Peter Newcome (1715–1779) was an English educator and Fellow of the Royal Society.

==Life==
He was the son of Henry Newcome LL.D. of Hackney (died 1756) and Lydia Morland. His father established Newcome's School there, a noted private academy. Richard Newcome was his uncle. His paternal grandfather was Peter Newcome, son of Henry Newcome the nonconformist minister, and his maternal grandfather was Benjamin Morland; the school was previously run by Morland. Peter Newcome the son matriculated at Queens' College, Cambridge, in 1732, graduating B.A. in 1735 and M.A. in 1738. He was then a fellow of the college from 1740 to 1742.

The Newcome family had a social connection to the family of Henry Grey, 1st Duke of Kent, who died in 1740. Lord Charles Cavendish married the Duke's daughter Anne Grey, and Henry Cavendish, the natural philosopher, was their son, and a pupil at Newcome's School from 1742. His father recommended Peter Newcome for the Royal Society in the same year. The other sponsors were Philip Yorke who was an alumnus of Newcome's School, Thomas Birch and Daniel Wray.

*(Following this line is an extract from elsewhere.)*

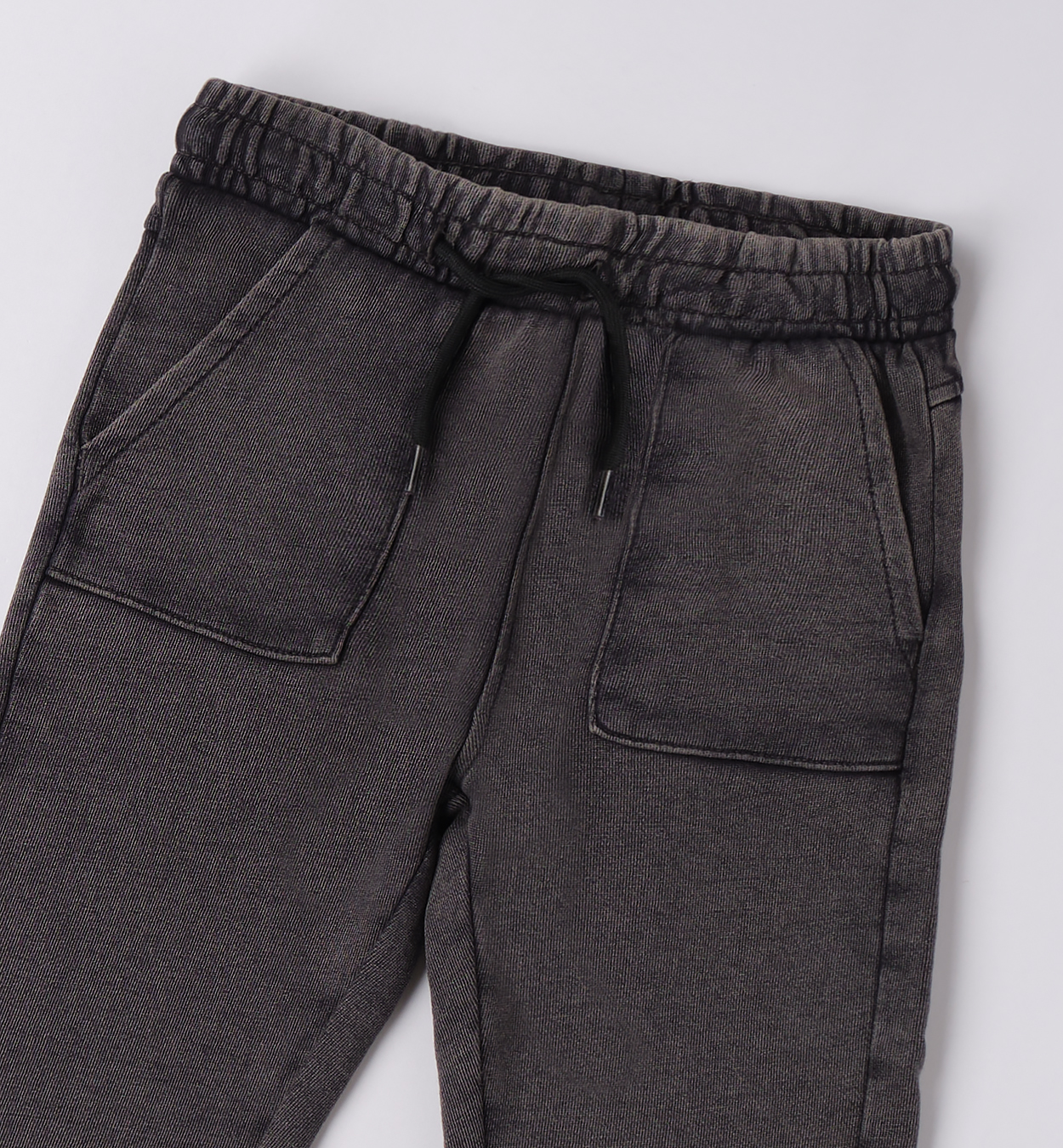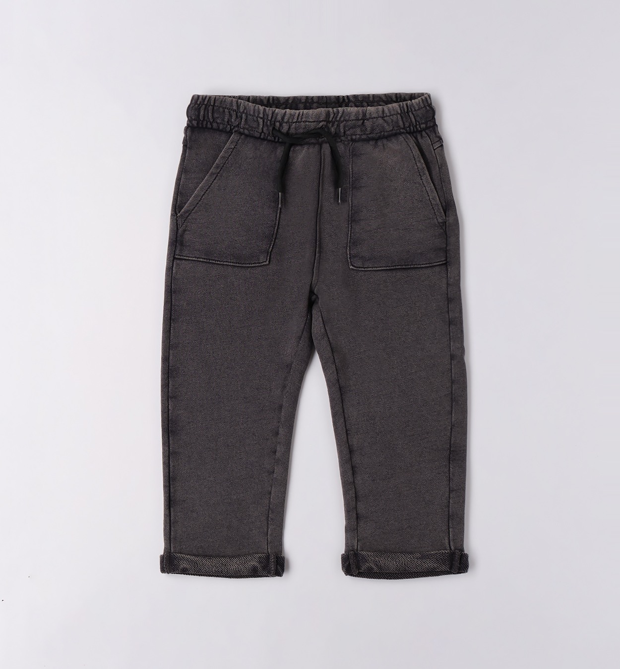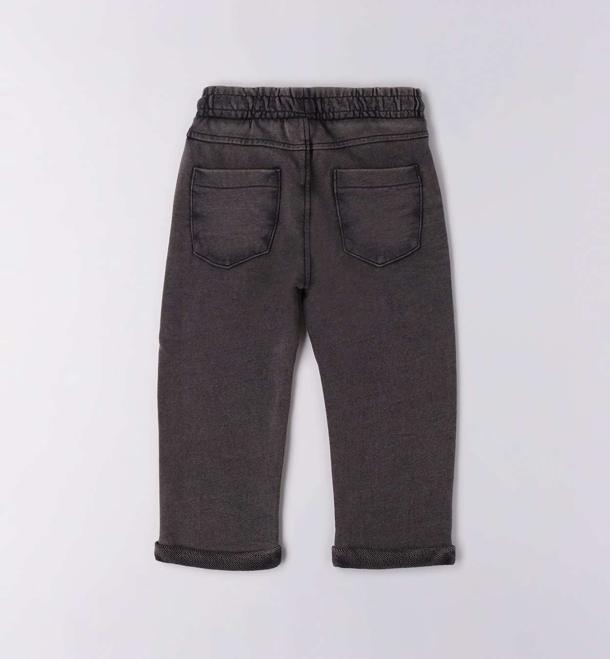 Tepláky v denimu stylu. Pohodlné tepláky v šedém denimu stylu s praktickými kapsami a šňůrkou v pase. Ideální na každodenní nošení, vhodné do školy i na hřiště.

Through this connection to the Cavendish circle, Newcome participated in scientific life in London. He joined the informal Royal Society dining club in 1744. He attended Sir William Watson's 1747 experiments in the conduction of electricity across the River Thames. Later, in the 1760s, Newcome was on the Royal Society's council. He published in the Philosophical Transactions a paper on an earthquake of 1750.

Newcome took over the school on his father's death. He inherited local property rights, in Clapton, on condition that he continued as the school head; he did so, but for three years only. Newcome's School was fashionable, and was noted for its drama; David Garrick contributed to one in 1763. Eventually Newcome ceded control to his half-brother Henry, who was succeeded by his son Richard.